::: Input material :::
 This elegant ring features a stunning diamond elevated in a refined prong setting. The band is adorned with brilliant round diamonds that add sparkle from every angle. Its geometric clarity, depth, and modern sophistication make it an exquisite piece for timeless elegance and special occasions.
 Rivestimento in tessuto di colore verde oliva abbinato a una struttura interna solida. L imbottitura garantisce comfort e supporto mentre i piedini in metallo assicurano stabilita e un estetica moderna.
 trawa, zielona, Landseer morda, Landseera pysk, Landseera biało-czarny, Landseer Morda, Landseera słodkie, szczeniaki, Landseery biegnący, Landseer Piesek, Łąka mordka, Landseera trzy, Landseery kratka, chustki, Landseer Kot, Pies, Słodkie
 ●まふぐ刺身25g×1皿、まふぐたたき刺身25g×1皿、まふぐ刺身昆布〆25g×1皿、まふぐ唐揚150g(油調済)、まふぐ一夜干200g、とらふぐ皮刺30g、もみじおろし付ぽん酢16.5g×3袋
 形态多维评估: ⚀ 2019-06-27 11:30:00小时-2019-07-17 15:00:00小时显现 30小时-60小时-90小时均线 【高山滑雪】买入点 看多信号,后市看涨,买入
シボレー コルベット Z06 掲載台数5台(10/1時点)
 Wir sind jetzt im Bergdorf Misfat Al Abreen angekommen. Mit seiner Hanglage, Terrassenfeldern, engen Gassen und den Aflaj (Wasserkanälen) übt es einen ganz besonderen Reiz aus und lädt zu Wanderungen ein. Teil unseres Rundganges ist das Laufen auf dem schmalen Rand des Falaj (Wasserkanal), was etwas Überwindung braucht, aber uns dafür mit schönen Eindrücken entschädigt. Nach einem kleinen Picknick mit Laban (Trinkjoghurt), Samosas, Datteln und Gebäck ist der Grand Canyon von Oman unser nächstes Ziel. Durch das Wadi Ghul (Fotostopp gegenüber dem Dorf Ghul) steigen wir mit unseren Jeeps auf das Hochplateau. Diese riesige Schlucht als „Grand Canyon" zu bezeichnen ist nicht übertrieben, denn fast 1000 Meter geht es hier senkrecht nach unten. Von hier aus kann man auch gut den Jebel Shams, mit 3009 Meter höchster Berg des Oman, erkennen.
:::
• Your task
Using the material above, transcribe exactly the lines from the line with "形态多维评估: ⚀ 2019-06-27" to the line with "シボレー コルベット Z06 掲載台数5台(10/1時点)"; both count, and nothing else goes in.

• Answer box
 形态多维评估: ⚀ 2019-06-27 11:30:00小时-2019-07-17 15:00:00小时显现 30小时-60小时-90小时均线 【高山滑雪】买入点 看多信号,后市看涨,买入
シボレー コルベット Z06 掲載台数5台(10/1時点)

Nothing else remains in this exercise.